Real ID Was a Real Mistake and Congress Should Scrap It at Last
Real ID is plainly irrelevant to the nation’s security.
When the time came to renew my driver’s license earlier this year, the Massachusetts Registry of Motor Vehicles gave me two options. If I submitted an online application along with the $50 renewal fee, a standard license good for five more years would be mailed to me. But if I wanted a security-enhanced driver’s license that would comply with the Real ID Act, I would have to make an appointment and show up at a Registry office in person. The RMV reminded me that as of May 3, 2023, a Real ID would be required in order to fly from a US airport. Even so, I chose the online option. If Real IDs become mandatory at airports next year, I figured, I would just use my passport as identification instead of a driver’s license. But I was pretty sure nothing would become mandatory next spring.
Sure enough, the Department of Homeland Security announced this month that enforcement of the Real ID law would be delayed until May 7, 2025. It wasn’t the first time the deadline was extended; it almost certainly won’t be the last.
Congress passed the Real ID Act in 2005. It was one of a series of reforms recommended by the 9/11 Commission, which recommended that the federal government “set standards for the issuance of sources of identification, such as driver’s licenses.” The law was originally scheduled to take effect on May 11, 2008, at which point airports were to accept only identification that met the new standards. But that deadline has been pushed back at least seven times. All these years later, only 43 percent of driver’s licenses are Real ID-compliant.
The government claims that COVID-related backlogs made the latest delay necessary, but the real reason the law has been held up for so long is that numerous states, organizations, and activists from both sides of the political aisle have steadily resisted it. There is broad opposition to the creation of an immense national database linking all driver’s licenses, which would effectively impose something alien to our system of civil liberties: a national ID card.
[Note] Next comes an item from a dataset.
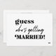 Einfache, schwarz-weiße trendige Typografie Hochzeitseinladung mit einer lustigen "raten Sie, wer heiratet" modernen Zitat-Skript.
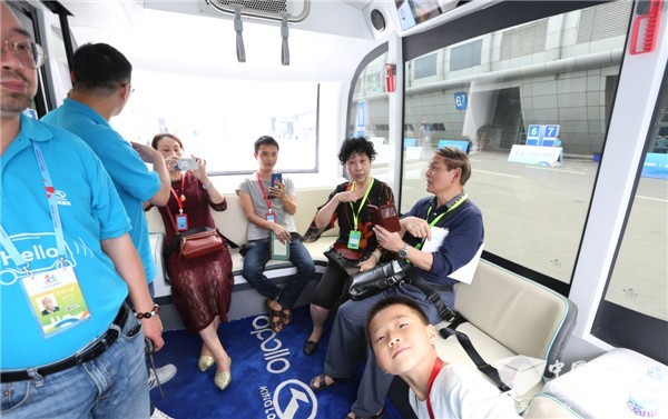 体验无人驾驶热情高涨 大批观众排队等候

“If fully implemented, the law would facilitate the tracking of data on individuals and bring government into the very center of every citizen’s life,” warns the American Civil Liberties Union. Real ID would make Americans’ personal information available to a vast network of federal, state, and local officials — an irresistible lure to overreaching government snoops, to say nothing of a mother lode for identity thieves. Even worse, the requirement that all driver’s licenses and ID cards have an unencrypted barcode puts that personal information within the grasp of anyone with an electronic scanner.
In authoritarian countries, it is taken for granted that citizens must always have their identification forms with them and that governments have a presumptive right to demand information about any individual at any time. That is not the American way. Here, the presumption is that the national government does not have an automatic claim to personal information and may not track individuals at will without probable cause to suspect wrongdoing.
As a terrorist-catching tool, Real ID has always been useless: Driver’s licenses and identification cards are of no use in fingering terrorists who haven’t already been spotted as threats. But as a vehicle for expanding government intrusiveness and control, Real ID is ideal. “The day would not be far off,” wrote cybersecurity and surveillance expert Jim Harper, a former congressional committee counsel and senior fellow at the Cato Institute, “when a national ID is required for picking up prescriptions, purchasing guns and ammunition, paying by credit card, booking air travel, and reserving hotel stays, to name just a few types of transactions the federal government might regulate.” Again: That may be normal in some societies, but it cuts sharply against the grain in ours.
It has been more than two decades since 9/11. The still-unenforced Real ID Act is almost 18 years old. Those who once believed that the law was needed to prevent air-travel terrorism by rigorously identifying fliers know better now. Real ID is plainly irrelevant to the nation’s security. Enacting the law was a mistake, and it’s time Congress scrapped it.